Воля к власти. История одной мании величия - Альфред Адлер
Шрифт:
Интервал:
Закладка:
365. Воззрение, именующее себя «идеализмом», не желает дозволить посредственности быть посредственной, а женщине женщиной. Только не униформы! Пора бы нам отдавать себе отчет, сколь дорого обходится добродетель, и что добродетель не есть нечто заурядно-желательное, а благородное безумство, прекрасное исключение, обладающее привилегией чувствовать в себе силу…
366. Необходимость установить, что все более экономичному развитию человека и человечества, все более тесно переплетенной «машинерии» интересов и достижений имеется и соответствующее противодвижение. Я обозначу его как выделение роскошного человеческого излишества: в ней должен быть явлен более сильный род, более совершенный тип, которому потребны иные условия возникновения и самосохранения, нежели среднему человеку.
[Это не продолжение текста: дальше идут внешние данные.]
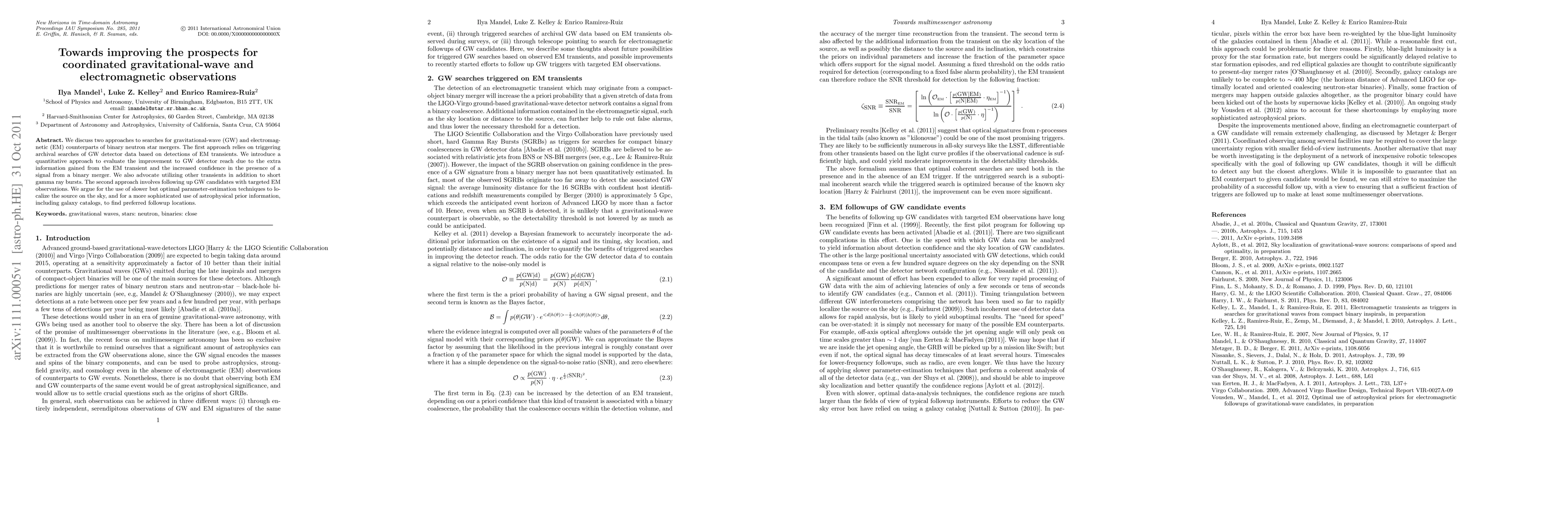 We discuss two approaches to searches for gravitational-wave (GW) and electromagnetic (EM) counterparts of binary neutron star mergers. The first approach relies on triggering archival searches of GW detector data based on detections of EM transients. We introduce a quantitative approach to evaluate the improvement to GW detector reach due to the extra information gained from the EM transient and the increased confidence in the presence of a signal from a binary merger. We also advocate utilizing other transients in addition to short gamma ray bursts. The second approach involves following up GW candidates with targeted EM observations. We argue for the use of slower but optimal parameter-estimation techniques to localize the source on the sky, and for a more sophisticated use of astrophysical prior information, including galaxy catalogs, to find preferred followup locations.

Мой термин, моя формула для такого типа — это, как известно, слово «сверхчеловек».
На том первом пути, который сейчас уже совершенно обозрим, возникает приспособление, выравнивание, оплощение, высшая китайщина, доведенная до инстинкта скромность, довольство человека в самоумалении — своего рода застой в развитии человека. Если нам и впрямь неизбежно предстоит жить в единой всемирной экономической системе Земли, то на службе ей человечество как машинерия может обрести наилучшее себе применение: а именно, как чудовищный шестереночный механизм из все более мелких, все более тщательно подогнанных друг к другу колесиков; как все более ощутимая ненужность каких-либо командных, доминирующих элементов; как чудовищной силы целое, отдельные факторы которого составляются из минимальных сил и минимальных значений. В противовес этому умалению и приспособлению людей к специализированной полезности требуется и обратное движение — производство синтетического, суммирующего, оправдывающего свое назначение человека, для которого вышеописанная машинализация человечества есть предпосылка к существованию, опора, на которой он сможет разработать высшую форму своего бытия…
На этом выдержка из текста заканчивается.